Included in that group is the famed Nasdaq 100 Index and ETFs such as the Invesco QQQ Trust (QQQ ) and the Invesco NASDAQ 100 ETF (QQQM ). Both Invesco funds follow the cap-weighted version of NDX.
Explaining why QQQ and QQQM are scuffling this year isn’t difficult. A lot of it boils down to growth stocks being vulnerable to rising interest rates owing to longer-term cash flows. Those woes are compounded by recession speculation — an obvious drag on those two ETFs because each allocates 15.34% to the consumer discretionary sector, and that doesn’t include the consumer-focused companies residing in the communication services sector.
On the upside, there are some deals to be had among QQQ and QQQM components.

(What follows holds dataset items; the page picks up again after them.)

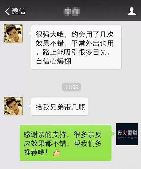 超级火爆的销量,超级劲爆的好评,挑逗你的嗅觉中枢,点燃“ta”心中的欲火。我们的产品我们说好不算好,买家说好才是的的确确的好!下面截取我们用户的微信反馈情况:有人说自信心爆棚了,有人说异性缘大增了,你是不是很心动?
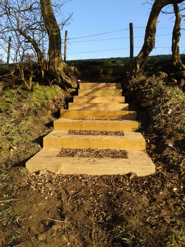 As well as good progress on the Farm Gate we commented on the steps going up at the Hill Side end of the Bridleway. I am sure many of you will recall the experience previously associated with this particular entrance. Requiring a physical dexterity usually associated with an Olympic gymnast coupled with a generous element of good fortune one was always rather relieved to get through unscathed. We now have the foundations laid for a pleasant and gentle descent down well laid out wooden steps. Nice!
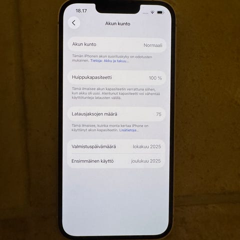 Myydään torista ostettu iphone 16 pro. Ei ole ollut itsellä käytössä ollenkan. Jotain häikkää on mutta toimintojen pitäisi toimia täysin. Akun kapasiteetti 89%.
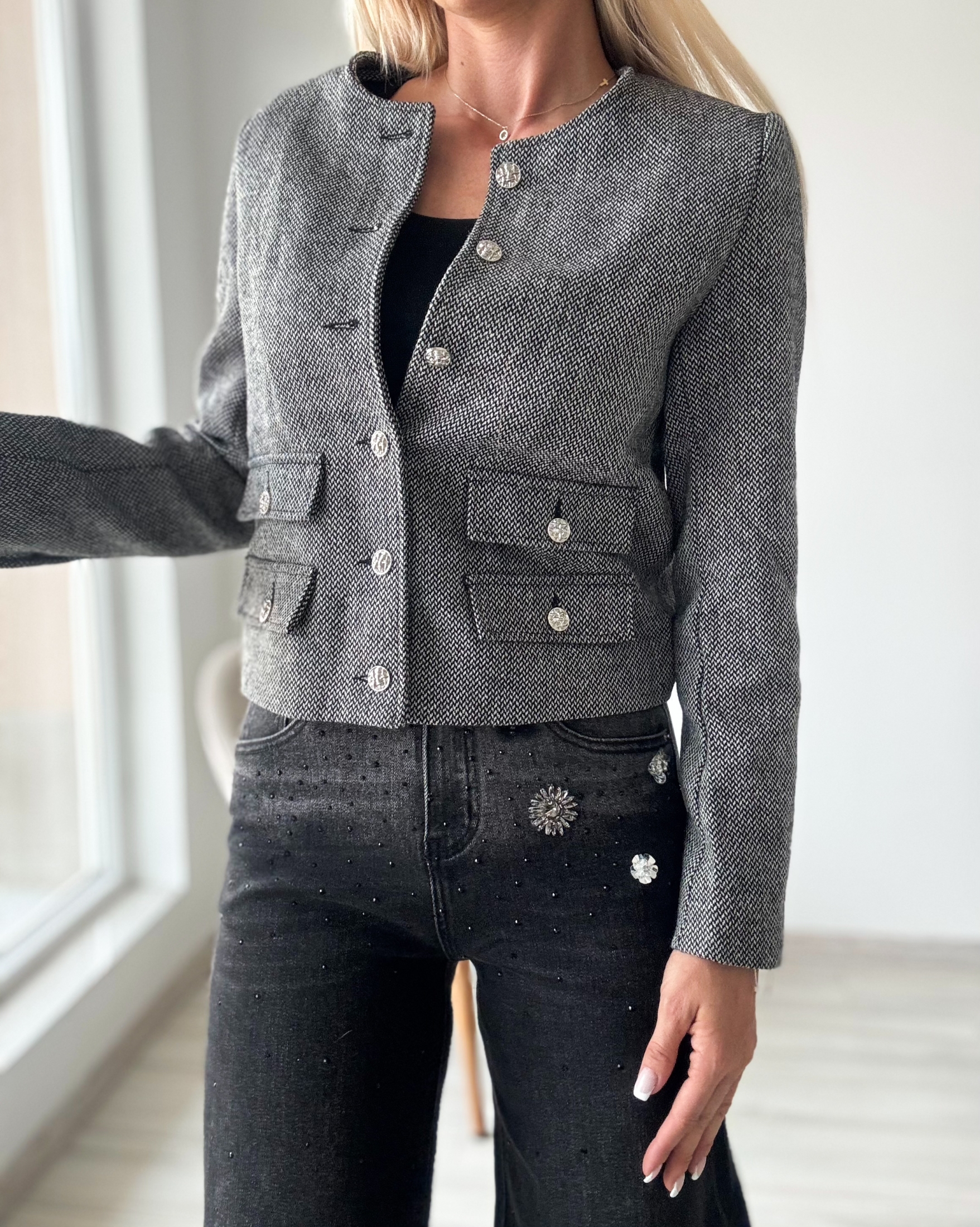 Елегантно вълнено сако в класически сив цвят. Подходящо за всеки стил и повод.

“That is why Barron’s screened for Nasdaq100 firms that have fallen more than 20%, including dividends, this year. We then filtered out firms with a forward price-to-earnings multiple greater than the S&P 500’s average of 16.7 times estimated 2023 earnings, according to Bloomberg. Lastly, we narrowed the screen to firms with estimated 2023 sales growth of 8% or more, per Bloomberg estimates,” reported Connor Smith for Barron’s.
Some prominent QQQ and QQQM holdings make the Barron’s list of undervalued names. Those include Facebook parent Meta Platforms (NASDAQ:FB) and semiconductor giant Nvidia (NASDAQ:NVDA). That pair combines for about 7% of the weight of the aforementioned ETFs.
Speaking of inexpensive semiconductors, the Nasdaq 100 is currently loaded with such names beyond Nvidia. According to the Barron’s list, Applied Materials (NASDAQ:AMAT), Lam Research (NASDAQ:LRCX), Micron Technology (NASDAQ:MU), and Qualcomm (NASDAQ:QCOM) all fit that bill. Those stocks combine for over 3% of the Nasdaq 100.
Other venerable Nasdaq 100 names are also considered attractively valued today. Those include Google parent Alphabet (NASDAQ:GOOG) and Netflix (NASDAQ:NFLX). The two shares of Alphabet combine for over 7% of QQQ and QQQM, while Netflix commands a weight of 0.75% in the ETFs.
“Alphabet stock trades at 15.93 times estimated 2023 earnings and is expected to grow sales by 16% in 2023. That doesn’t mean it’s all rosy for the Google parent. Macroeconomic concerns could weigh on the firm’s search and cloud businesses in the coming months,” according to Barron’s.